Canvassers and election workers reviewed and scanned 4,796 ballots last Thursday on the first day of counting, 14,782 ballots on Friday, 10,640 ballots on Saturday, and 11,175 ballots on Monday, Zelaya said. Canvassers were off on Sunday and Tuesday.

Alysoun McLaughlin, the county’s acting election director, and David Naimon, the secretary of the Board of Elections, said it’s difficult to predict how many mail-in ballots or provisional ballots will be scanned and sent to the state each day because the amount of time it takes to count a ballot varies depending on the type of ballot. McLaughlin said earlier this month she expects election officials to have counted 95% percent of ballots by the first week of August, and that the local Board of Elections hopes to certify the election by Aug. 12.

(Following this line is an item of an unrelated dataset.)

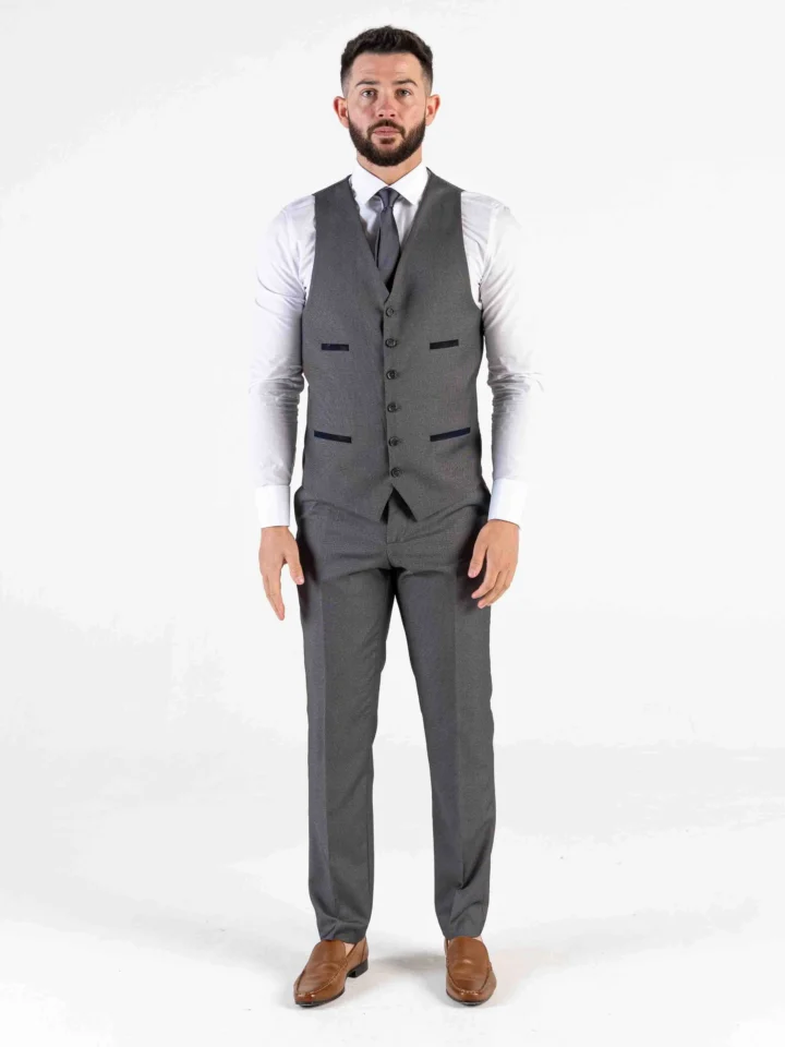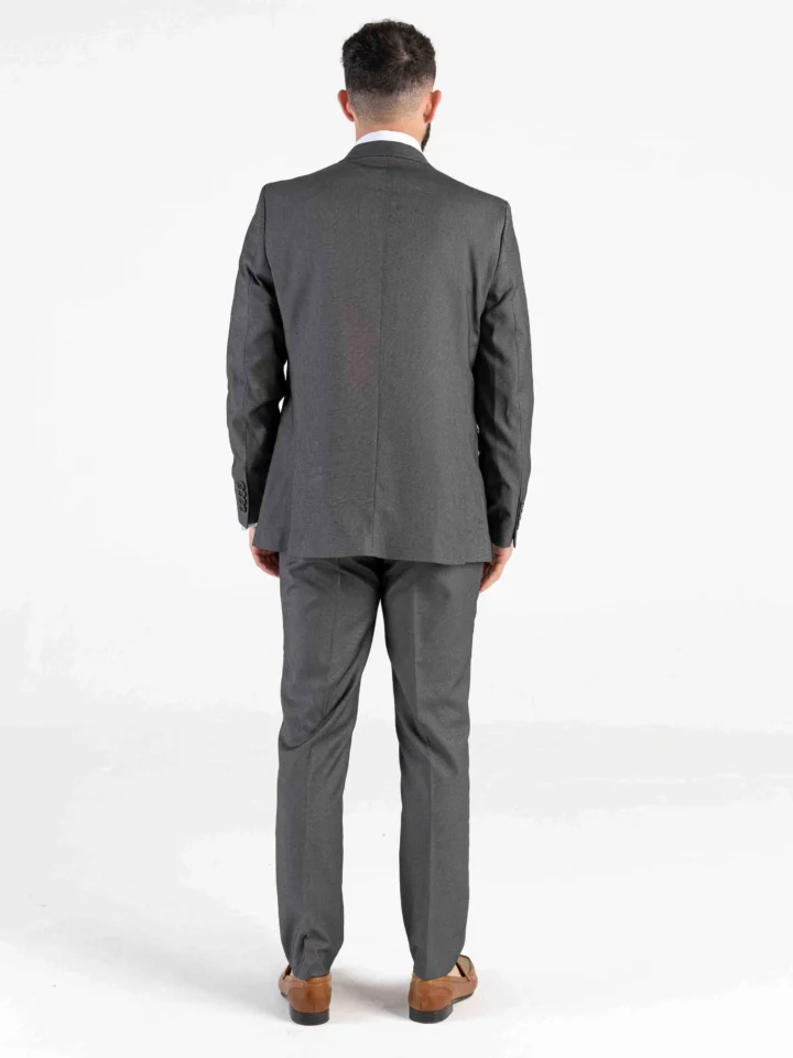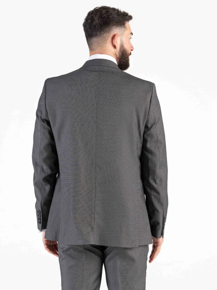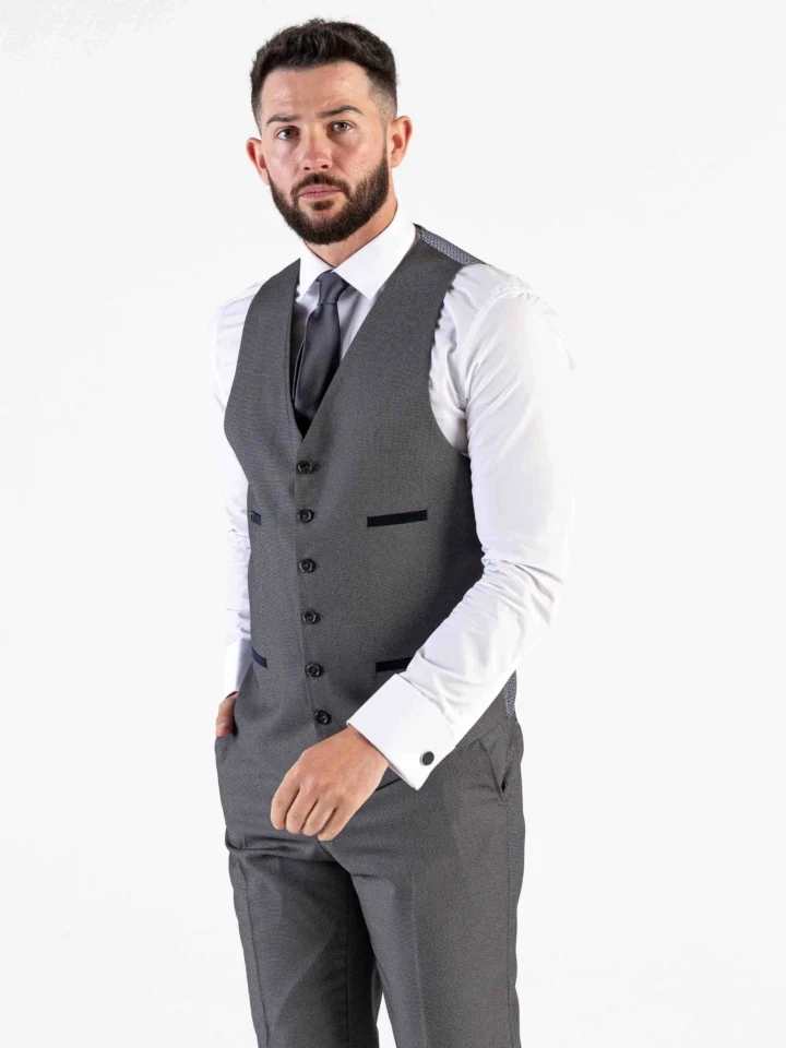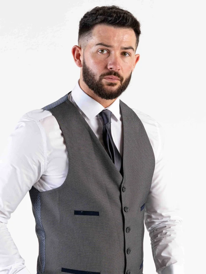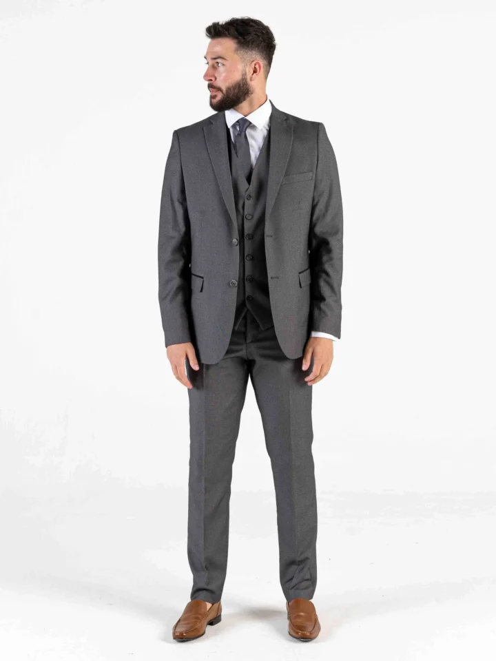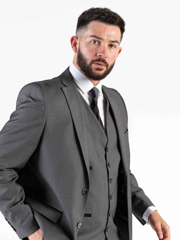 This tailored fit Oliver suit is a wardrobe staple for the ideal formal look. The three piece comes in a versatile textured grey and a perfect classic tailored fit. Finished with a matching four welted waistcoat and grey tailored fit trousers. Pair with a silk tie for a refined office look.

“We have a certain number of tables with a certain number of participants, we can have more complex situations [or] less complex situations, [and] faster teams [or] slower teams,” McLaughlin said Monday inside the canvassing room. “But we also have the ability to scale this [operation] up if we need to, or scale it down if we’ve got a smaller volume of ballots. So it really is just a matter of the flow of the ballots — where the staff work has been completed on the front end to prepare the ballots for canvass, and then what we introduce to the canvass teams, and then what we send back to the scanner.”

Zelaya said the first day’s total count was low because election workers didn’t start scanning ballots until 9 p.m., and the deadline to send scanned ballots to the state is 11 p.m.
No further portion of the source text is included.